Now, there's an analogy that someone told me a long time ago about soccer balls. And maybe I’ve said it on the podcast before, but worth seeing again. Imagine you're on a field and there are four soccer balls. And there's a goal on the other side, I don't know how many yards away, but you’ve got to kick it several times to get there.
And the rule is you only get four kicks. And so you can either kick one ball four times and get it into the goal. Or you could kick each ball once and make some progress, but not a whole lot. And that's why focusing on one thing, you get things done so much faster.
Because not only that, there's no such thing as multitasking, even though we all think we can. And there's science behind what's called task switching, where if you switch your tasks, it causes your brain to slow down significantly. I like to just tell my clients when I'm explaining this analogy, you just get stupid temporarily when you're task switching, basically.
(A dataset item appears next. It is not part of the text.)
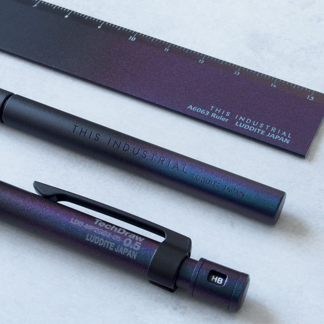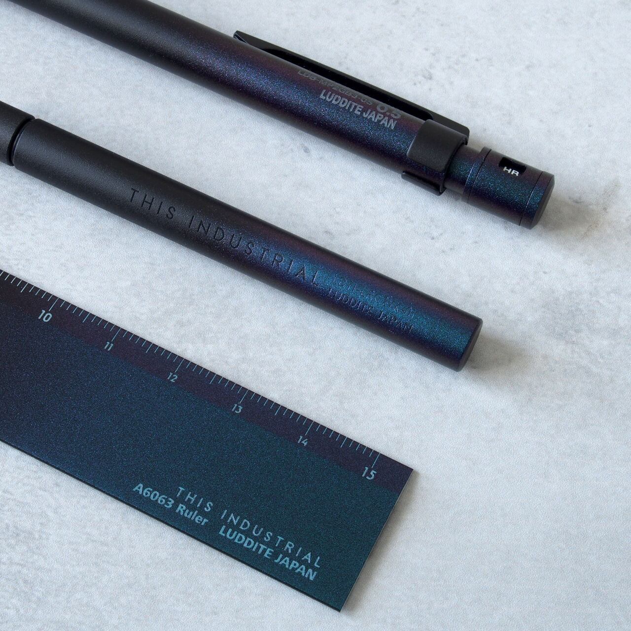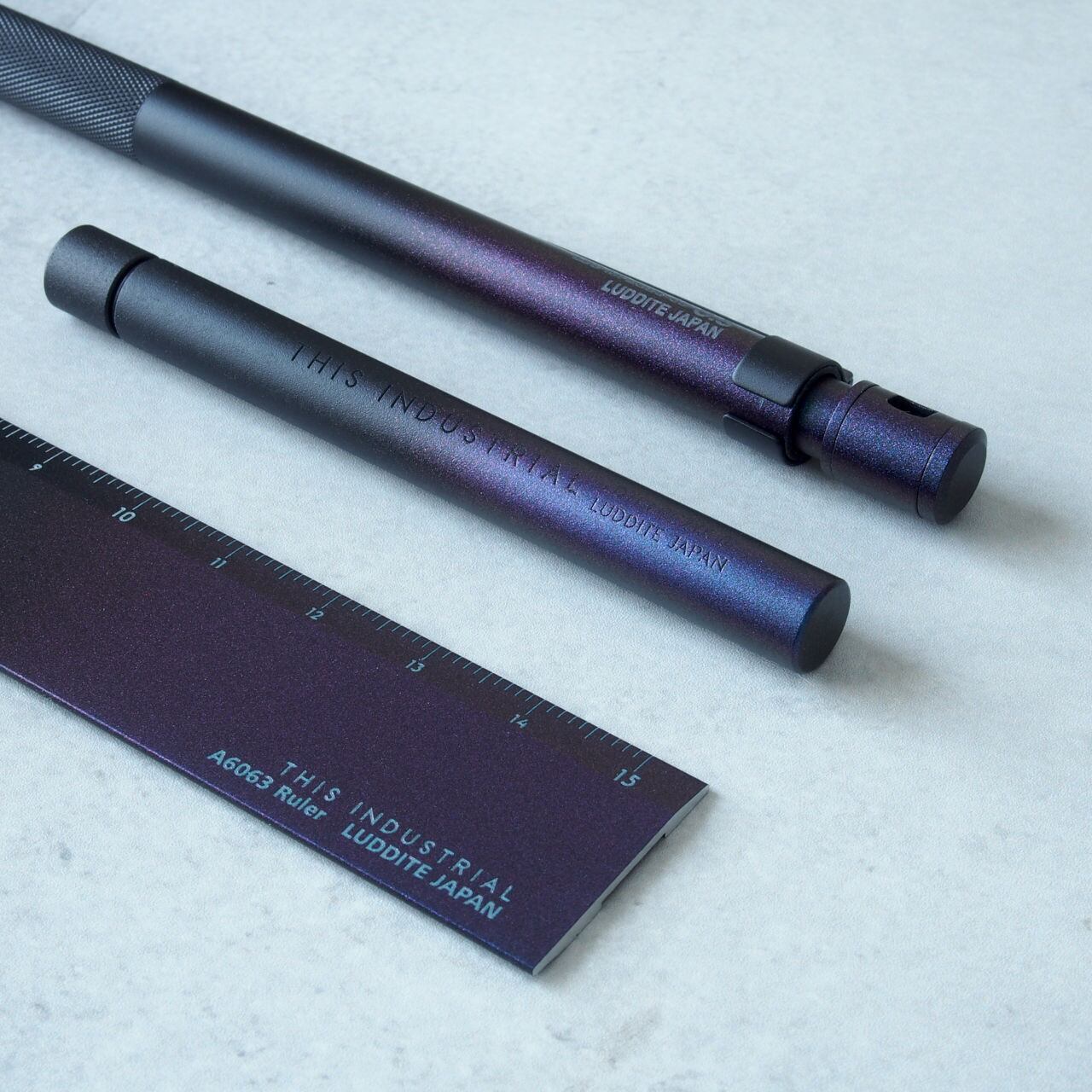 パウダーコーティングされたアルミ製定規。裏面の凹凸と傾斜により、指一本で軽く浮かせ、持ち上げられます。日本ペイントが開発・販売する分光性塗料 “マジョーラ” をグラデーション塗装し、見る角度によって紫やブルーに変化する美しい軸色が特徴です。

And that's why I'm a huge fan of batching. I tend to record about three podcasts at a time. I'll plan and then record all at the same time so I'm kind of in the mode of creating episodes and recording them all at the same time. Because I'm kind of doing a similar task over and over again so there's less time being stupid and task switching.
And so it makes sense to focus on one thing versus trying to focus on lots of little things. If we stop telling ourselves that picking one thing means other things aren't getting done, because that's just a lie, you're going to feel so much more relaxed. And you'll only have to focus on one thing.
So let's summarize how to deal with feeling overwhelmed. I think the first thing is to notice that it's only because you're thinking you're feeling overwhelmed. And you're having thoughts like there's too much to do, I don't know where to start.
And the second step is to remind yourself that you only have to pick one thing. And honestly, it doesn't matter. So if you still are having trouble picking the one thing because you think there's a right thing even though I just went over there's no such thing, just flip a coin or eeny miny mo, it really doesn't matter.
And then you get to work on that one thing. And believe that working on this is going to help you work on the other things at the same time. Whatever you're learning or having to do is going to apply to those other things and will actually make those other things go faster.
And going back to the soccer ball analogy, in case you're still not on board, it’s like if you kick that one ball across the finish line in the four kicks, then you know, “Oh, I need to kick this way to really make those kicks count.” Which helps you get those other balls across the field.